● **Input**:
[Start of Attachment]

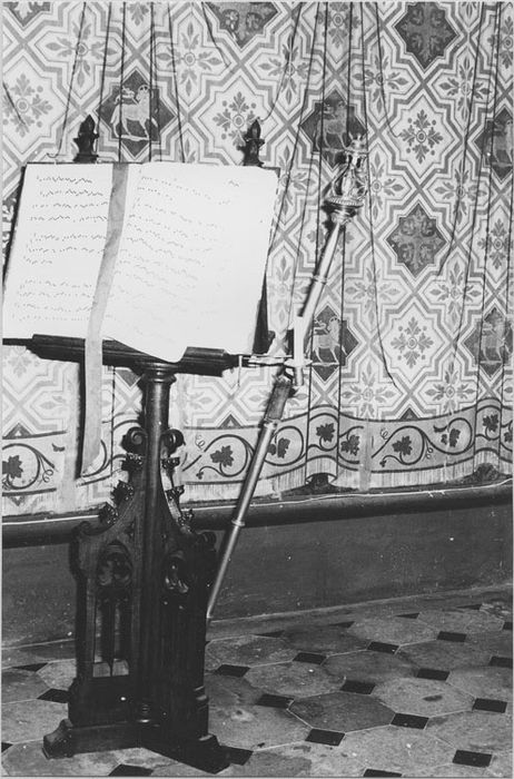 Lutrin néo-gothique en bois sculpté, accosté de deux bâtons de chantre en cuivre argenté avec au sommet des statuettes de la Vierge et d'un évêque.
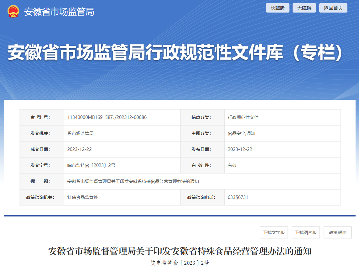 安徽省市場(chǎng)監督管理局關(guān)于印發(fā)安徽省特殊食品經(jīng)營(yíng)管理辦法的通知
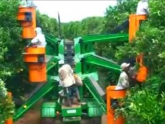 老外实拍超强水果采摘农机,机器三头六臂能装一堆工人,网友:效率太高了
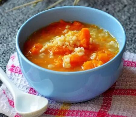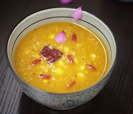食材:小米10g、大米10g、玉米20g、南瓜250g、红枣适量、枸杞适量
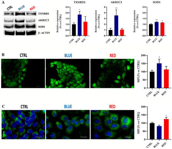 Western blot analysis was used to confirm the proteomic profiling results obtained from the HaCaT cells exposed to high-irradiance blue or red light. TXNRD1 and AKR1C3 were highly expressed in cells exposed to high-irradiance blue light compared with the control group (Figure 4A). On the contrary, high-irradiance red light did not significantly modify the expression level of the TXNRD1 and AKR1C3 proteins (Figure 4A). Moreover, SOD1 was upregulated in the HaCaT cells after high-irradiance blue or red light exposure compared to the CTRL (Figure 4A).
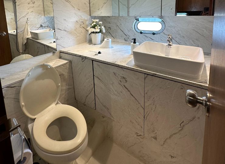 The interior spaces of the ARC 55 are designed for utmost comfort and luxury. Lavish staterooms provide a serene retreat for relaxation, and the expansive living areas are thoughtfully furnished with top-tier materials and state-of-the-art entertainment systems, creating an inviting atmosphere for guests.
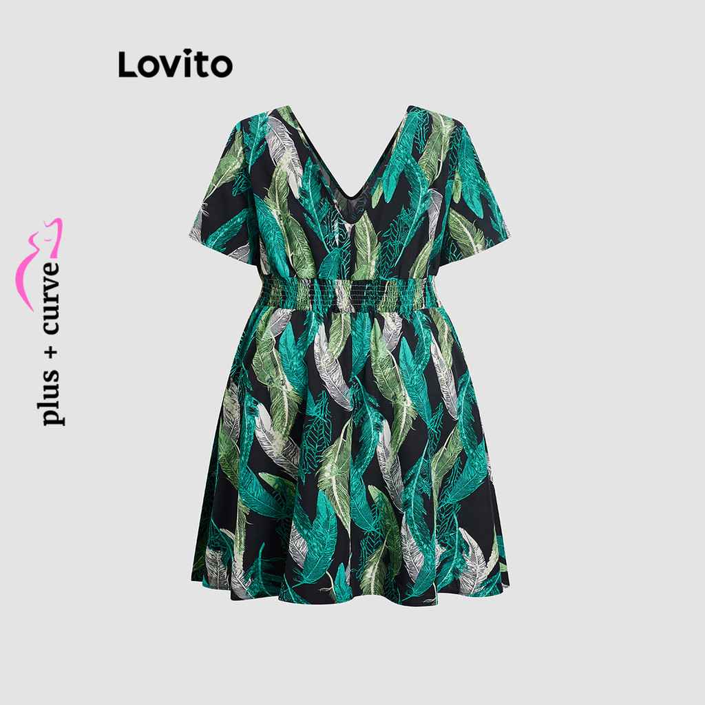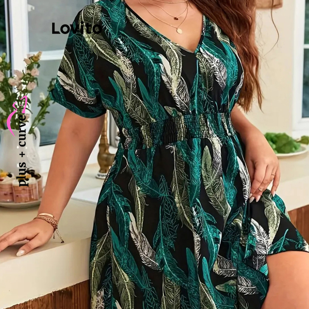 Lovito Vestido Plissado De Penas Boho Curva Plus Size Para Mulheres LBL20179\5
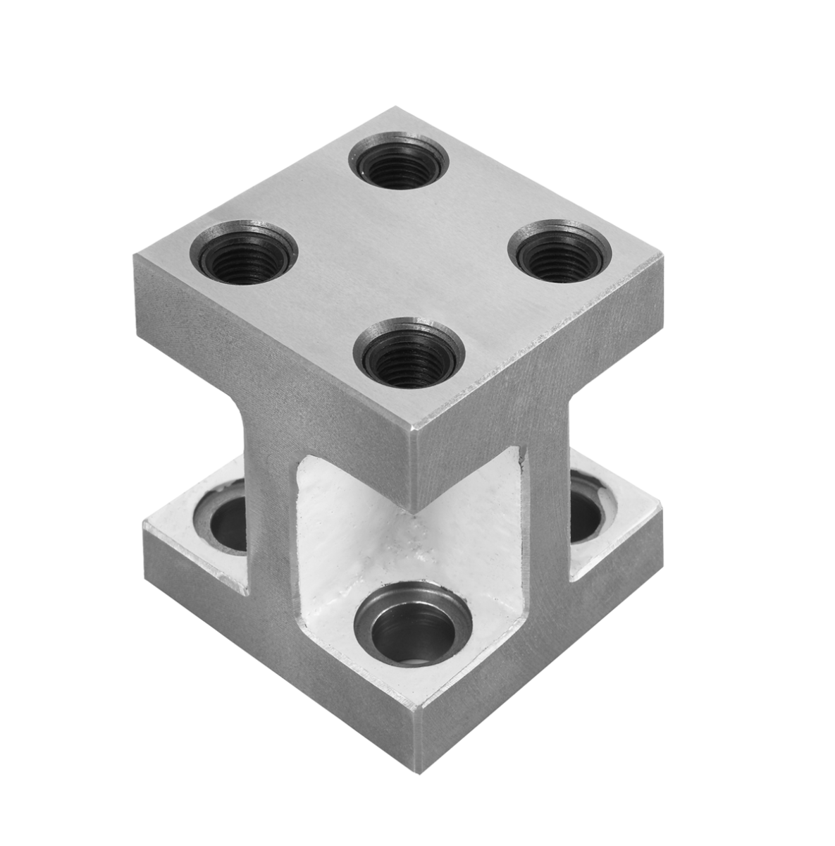 Riser blocks are used for constructing modular fixtures. Several riser blocks can be mounted on each other. Support elements, clamping devices, and stops can then be mounted on the top riser block. Riser blocks are fastened using DIN 912 cap screws.
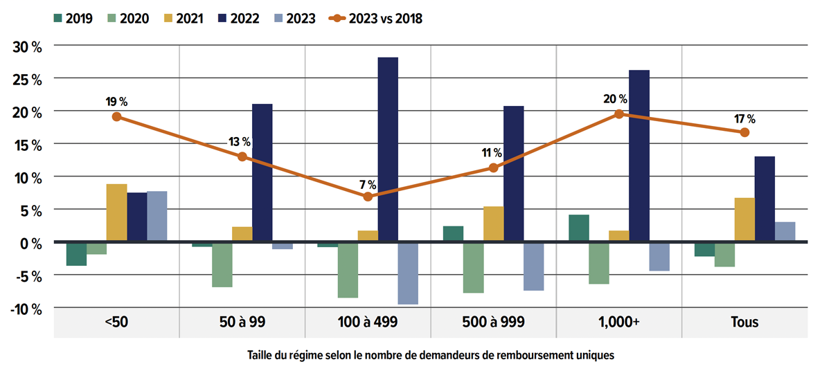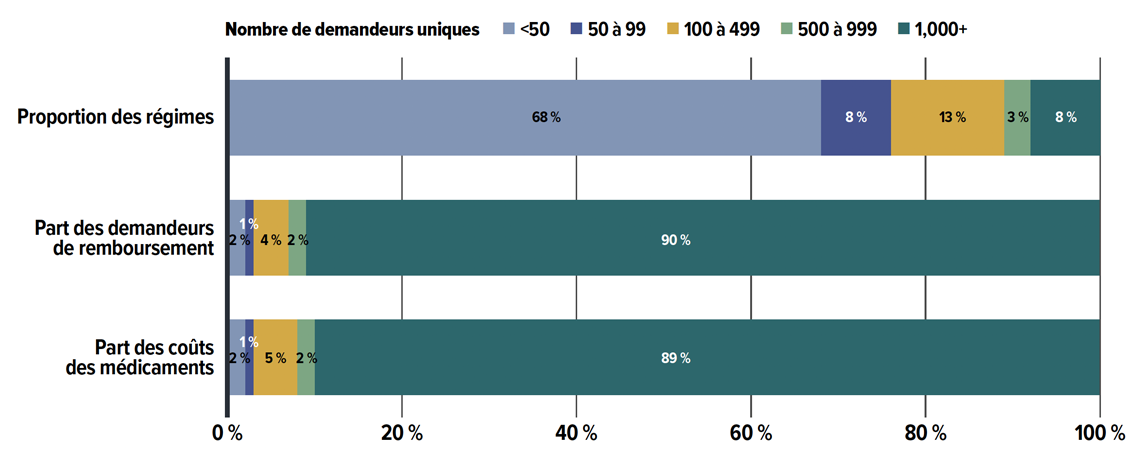 Sans entrer dans les détails des structures de couverture, des primes ou d’autres frais d’assurance comme que les frais de regroupement, ces variations en fonction de la taille du régime portent à croire que les promoteurs de régimes de petite taille peuvent offrir une couverture moins complète pour gérer les coûts en raison de leur groupement d’assureurs de plus petite taille. À l’inverse, les grands régimes, dont les profils de patients sont plus diversifiés, peuvent mieux répartir les coûts par demandeur sur une base plus large, même s’ils couvrent un plus grand nombre de médicaments onéreux. Les régimes de taille moyenne ne bénéficient pas de l’avantage de regroupement des grands régimes, mais offrent également une couverture plus large que celle des régimes plus petits, ce qui peut se traduire par des coûts plus élevés par demandeur.

[End of Attachment]

● **Problem statement**: Repeat exactly the lines from the first line of the records above through the line containing "Lovito Vestido Plissado", leaving out the pictures.

● **Task solution**:
 Lutrin néo-gothique en bois sculpté, accosté de deux bâtons de chantre en cuivre argenté avec au sommet des statuettes de la Vierge et d'un évêque.
 安徽省市場(chǎng)監督管理局關(guān)于印發(fā)安徽省特殊食品經(jīng)營(yíng)管理辦法的通知
 老外实拍超强水果采摘农机,机器三头六臂能装一堆工人,网友:效率太高了
食材:小米10g、大米10g、玉米20g、南瓜250g、红枣适量、枸杞适量
 Western blot analysis was used to confirm the proteomic profiling results obtained from the HaCaT cells exposed to high-irradiance blue or red light. TXNRD1 and AKR1C3 were highly expressed in cells exposed to high-irradiance blue light compared with the control group (Figure 4A). On the contrary, high-irradiance red light did not significantly modify the expression level of the TXNRD1 and AKR1C3 proteins (Figure 4A). Moreover, SOD1 was upregulated in the HaCaT cells after high-irradiance blue or red light exposure compared to the CTRL (Figure 4A).
 The interior spaces of the ARC 55 are designed for utmost comfort and luxury. Lavish staterooms provide a serene retreat for relaxation, and the expansive living areas are thoughtfully furnished with top-tier materials and state-of-the-art entertainment systems, creating an inviting atmosphere for guests.
 Lovito Vestido Plissado De Penas Boho Curva Plus Size Para Mulheres LBL20179\5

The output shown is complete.